Abstract
Purpose
To evaluate epidemiology, risk-factors and outcomes of high-level cytomegalovirus (CMV) viremia in liver transplant recipients.
Methods
Adult patients receiving a liver transplant between 1/1/2017-9/30/2020 were evaluated. Viral loads at UW Health Clinical Laboratories were required to allow for numerical comparison. Primary objective was incidence and outcomes of high-level (HL) CMV viremia (viral-load >100,000 IU/mL). Secondary objective was to elucidate risk factors to allow targeted interventions.
Results
209 patients met inclusion criteria; 175 kept their graft for at least 240 days. Of these 9 patients developed HL CMV, 28 developed low-level (LL CMV, viral-load 250–100,000 IU/mL) and 138 did not develop CMV viremia. When comparing these 3 groups via classic statistical methods time from transplant to viremia was similar (HL 158 ± 77 days, LL 150 ± 76 days). Clinical factors were also similar with the exception of donor seropositivity (HL 87.5%, LL 70.4%, No CMV 49.6%, p = 0.025). HL CMV was significantly associated with graft loss (p < 0.0001) on Kaplan-Meier analysis; graft loss in the LL CMV group did not differ from the No CMV group (p = 0.96)

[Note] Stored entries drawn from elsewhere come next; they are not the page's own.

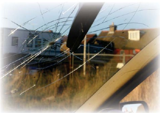
(VIN) ไว้บนหน้าต่างของรถ จะทำให้ขโมยไม่สามารถนำรถหรือชิ้นส่วนของรถไปขายต่อได้โดยง่าย
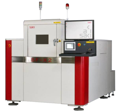
BF-X2, 3D-Planar X-Ray System

Sie erhalten für jeden Inspektionsauftrag einen detaillierten Rapport mit ausführlicher Bewertung der Zustände der inspizierten Stellen.
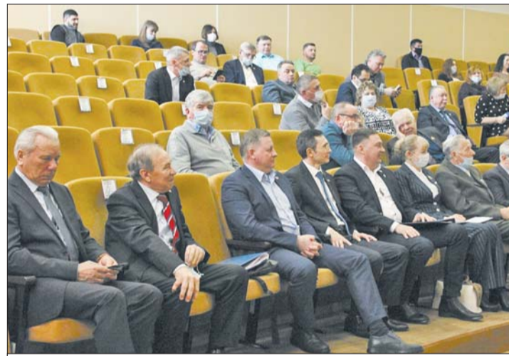
На отчетном собрании присутствуют депутаты Законодательного собрания Ленинградской области, представители поселений, депутаты районного и местных советов

«Я бы хотел обратить внимание на эффективность предоставления поддержки субъектам малого и среднего предпринимательства. Пока я не вижу реального результата. И это нужно менять. Объединяйтесь с молодежным центром, начинайте использовать коворкинг в Большой Ижоре, есть смысл подумать о соз-
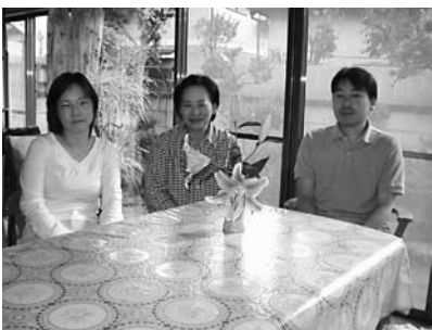
庭の見える明るい活動室とスタッフたち

To allow valid assessment of risk factors in the total study population (n = 209) models of time-varying covariates were used and Cox proportional hazards ratios were calculated. In this analysis HL CMV was associated with a significantly increased risk of graft loss (HR 5.6, p = 0.0016). When investigating risk factors associated with HL CMV, donor seropositivity significantly increased risk (HR 8.85, 95% CI 1.13–71.43, p = 0.038). Pre-transplant total bilirubin (HR 1.04, 95% CI 0.998–1.07, p = 0.06) trended towards significance. Recipient seronegativity, liver disease, clinical and allocation MELD, transplant surgery duration, age, sex, induction immunosuppression, and maintenance immunosuppression were not significantly associated with development of HL CMV.
Conclusion
HL CMV after liver transplant is uncommon but is associated with a significantly increased risk of graft loss that is not present in those patients who develop LL CMV or do not develop CMV viremia. Given these negative graft effects, CMV stewardship interventions targeting recipients of CMV seropositive allografts are warranted. Future larger scale studies evaluating the potential role of other factors in risk stratification are needed.